[Start of section]

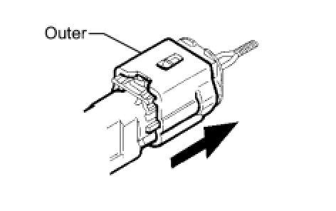 (a) While holding the sides of the outer connector locking sleeve, slide the outer in the direction shown by the arrow.
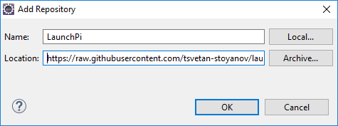 Begitu  jendela utama Eclipse terbuka. Install Plugin LaunchPi melalui menu Help > Install New Software. Pada kotak dialog Install New Software, tambahkan repositori dengan klik button Add lalu tambahkan link berikut Pada field Location. Kemudian Klik OK
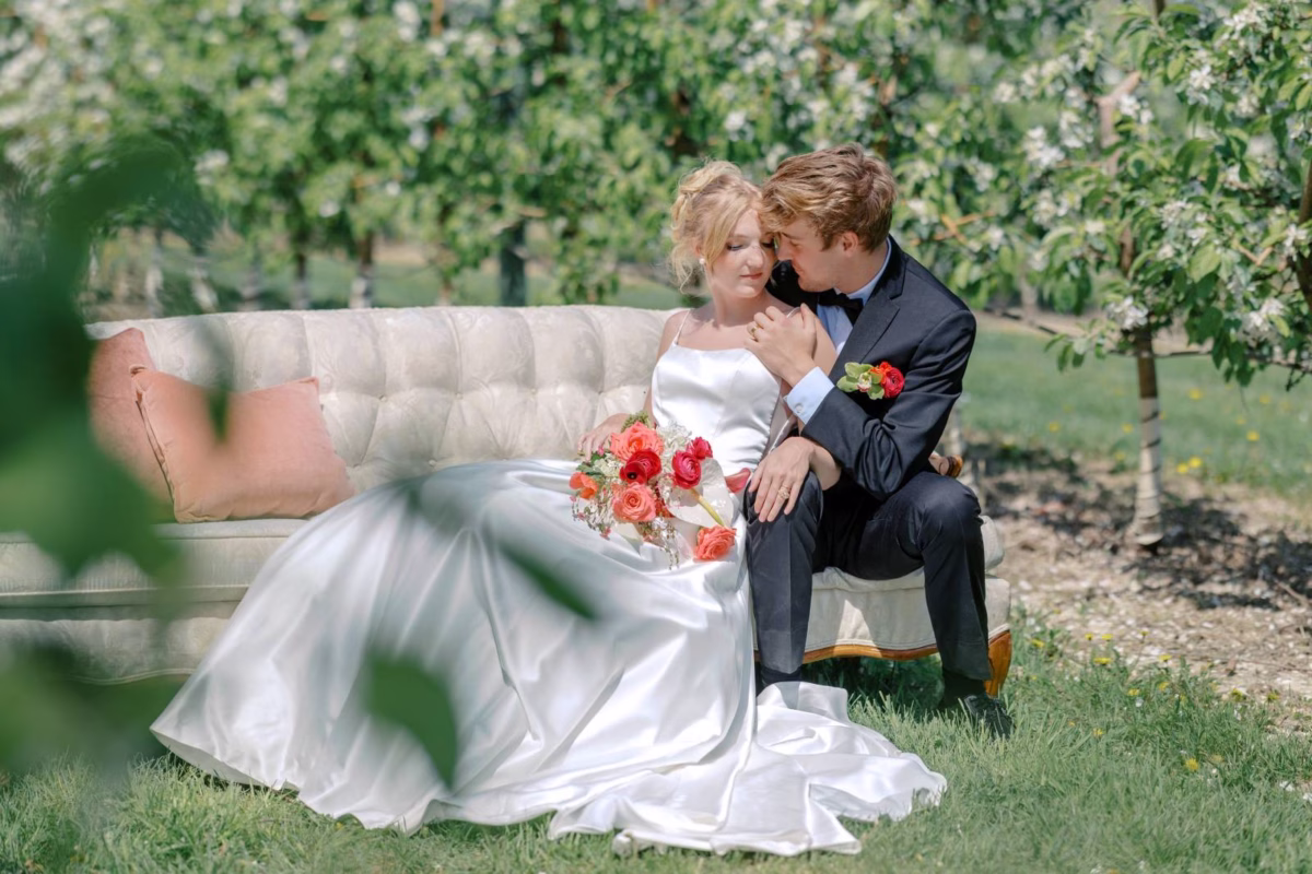 e beautiful, sunny day. Resource Vintage Rental “Bliss” sofa stood out among the orchard trees, and pink throw pillows matched the bride’s bouquet.
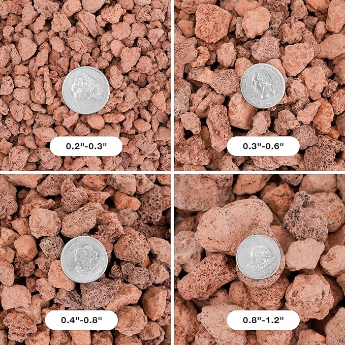 - Pure Natural Lava Rocks: Lava stone comes in a variety of sizes from 0.2" to 0.3". Volcanic rock is truly natural, available in black and red. No fillers, chemicals or colors added
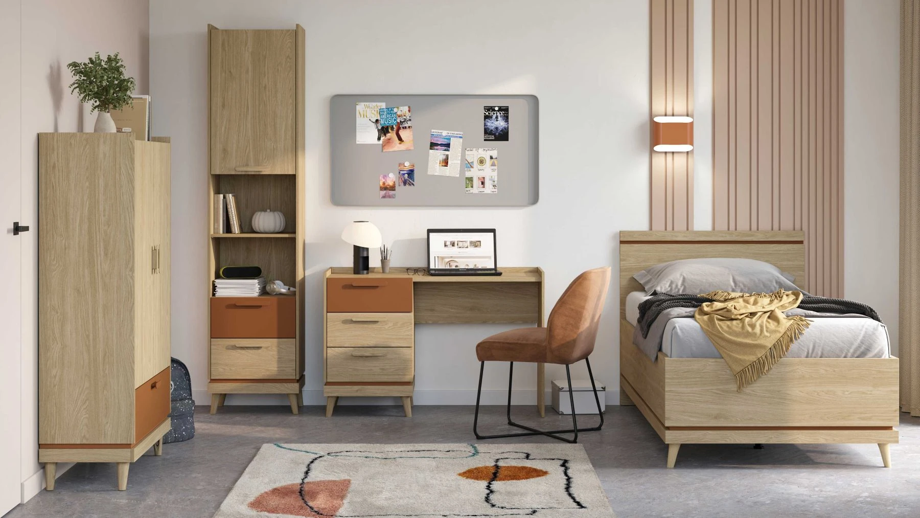 Kolekcja SCANDI to harmonijne połączenie skandynawskiej prostoty, funkcjonalności i nowoczesnego designu, stworzone z myślą zarówno o sypialni, jak i pokoju młodzieżowym. Charakterystyczne wysokie nóżki nadają meblom lekkości i ułatwiają utrzymanie porządku, a naturalne wykończenia wprowadzają do wnętrza przytulną, spokojną atmosferę. Kolekcja dostępna jest w modnych połączeniach kolorystycznych: zgaszona zieleń z dębem olejowanym oraz dąb olejowany z kolorem ceglanym, dzięki czemu łatwo dopasować ją do różnych aranżacji.
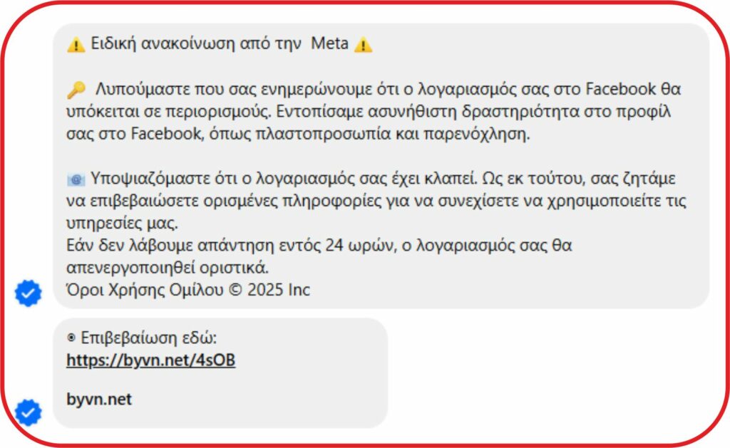 Το μήνυμα, το οποίο κυκλοφορεί μαζικά, ξεκινά με προειδοποιητικό τόνο και σύμβολα συναγερμού, αναφέροντας ότι ο λογαριασμός του χρήστη «υπόκειται σε περιορισμούς» λόγω… «ασυνήθιστης δραστηριότητας», όπως δήθεν πλαστοπροσωπία ή παρενόχληση. Στη συνέχεια, καλεί τον παραλήπτη να «επιβεβαιώσει ορισμένες πληροφορίες» εντός 24 ωρών, διαφορετικά ο λογαριασμός του θα «απενεργοποιηθεί οριστικά».
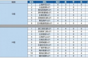 U21联赛积分榜:西海岸津门虎分居小组首位 庞开元7球领跑射手榜
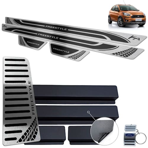 Descanso + Soleira Inox Ford Ka Freestyle Preto Alto Relevo
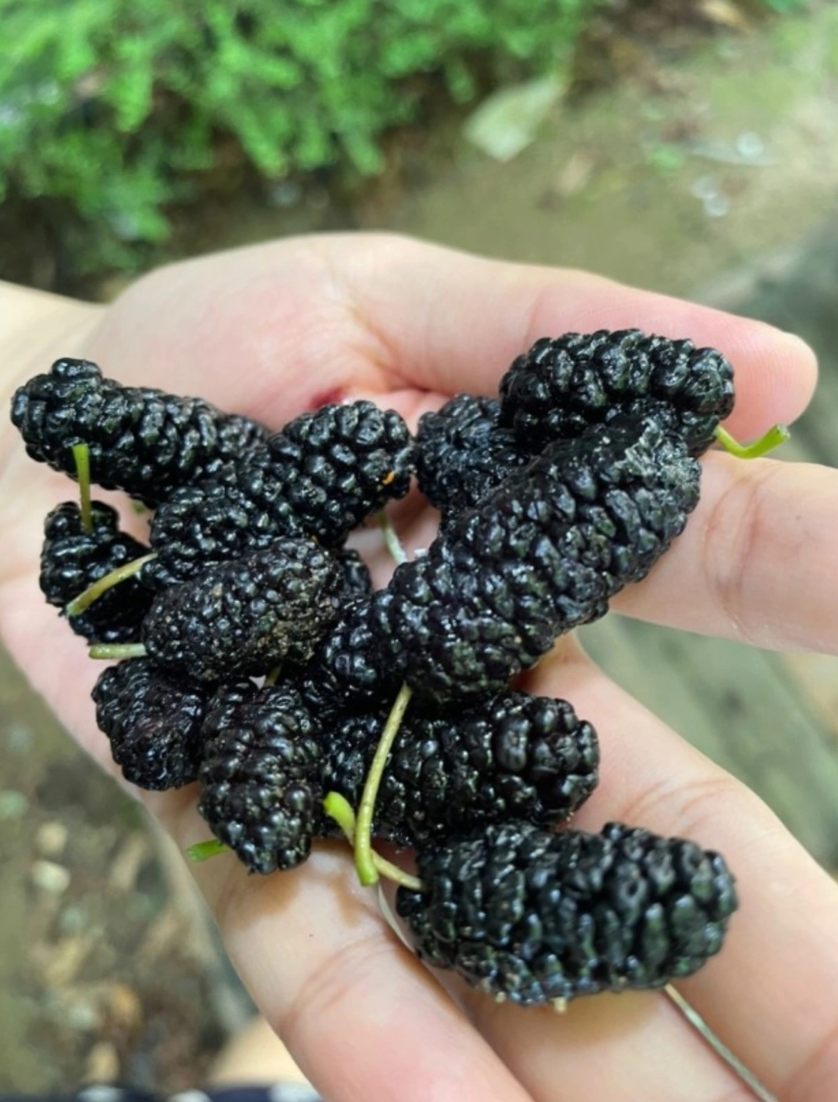 잘 익은 오디가 손 안으로 떨어진다.
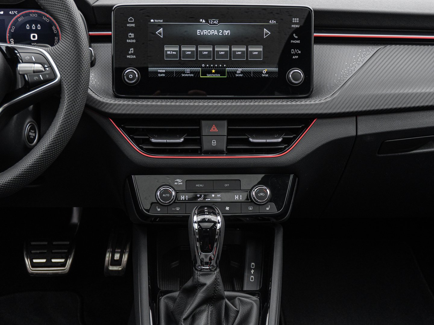 EM2 Aufmerksamkeits- und Müdigkeitserkennung, A9D Monte Carlo, EF1 Steuerung Fahrprofilauswahl, IN1 Steuerung Hinterachsgewicht, NZ2 Notruffunktion eCall+, QK1 Multifunktionskamera (Für Fahrerassistenzsysteme), 3A2 ISOFIX-Verankerung auf dem Beifahrersitzund den äußeren Rücksitzen inklusive Top-Tether, 7P4 Einstellbare Lendenwirbelstützen in denVordersitzen, 2C5 Lenksäule horizintal- und vertikal einstellbar, 4VN Emissionsnorm EU6e (EB), 7L6 Start-Stopp-Automatik mit Rekuperation (Bremsenergierückgewinnung), YOK Care Connect (3 Jahr Laufzeit), 9AK Klimaanlage Climatronic (2-Zonen) mit Allergenfilter und Geruchsfilter, 9S0 10 Digital Cockpit Plus, 5XB Sonnenblenden mit Spiegel auf Fahrerseite, 6XK Elektrisch einstell- beheiz- und anklappbare Außenspiegel, 2JV Designelemente am Stoßfänger vorne undhinten in Schwarz glänzend, 6FM Steuerung Außenspiegel in Schwarz für Colour Concept, 6LH Zierleiste im Innenraum in Rot, 6M3 Netzprogramm im Gepäckraum, 7TS Dekorleiste Monte Carlo, J59 Reifen 205/50 R17, N3F Interieur aus Stoff und Kunstleder kombiniert mit hochwertigen Materialien, QQ8 Ambientebeleuchtung (2-farbig Rot und Weiß), U9E 2 USB-Anschlüsse vorn und 2 USB-Ladeanschlüsse hinten, DS8 1.0l TSI 85 kW / 115 PS, T0M 1.0l TSI (3-Zylinder Ottomotor), I8U Infotainmentsystem mit 8.2 Bildschirm

[End of section]

Problem description:
In the listing above, find the line containing "Το μήνυμα, το" and the line containing "잘 익은 오디가 손 안으로 떨어진다.", then write out both of them and every line between, exactly, with no pictures.

Task solution:
 Το μήνυμα, το οποίο κυκλοφορεί μαζικά, ξεκινά με προειδοποιητικό τόνο και σύμβολα συναγερμού, αναφέροντας ότι ο λογαριασμός του χρήστη «υπόκειται σε περιορισμούς» λόγω… «ασυνήθιστης δραστηριότητας», όπως δήθεν πλαστοπροσωπία ή παρενόχληση. Στη συνέχεια, καλεί τον παραλήπτη να «επιβεβαιώσει ορισμένες πληροφορίες» εντός 24 ωρών, διαφορετικά ο λογαριασμός του θα «απενεργοποιηθεί οριστικά».
 U21联赛积分榜:西海岸津门虎分居小组首位 庞开元7球领跑射手榜
 Descanso + Soleira Inox Ford Ka Freestyle Preto Alto Relevo
 잘 익은 오디가 손 안으로 떨어진다.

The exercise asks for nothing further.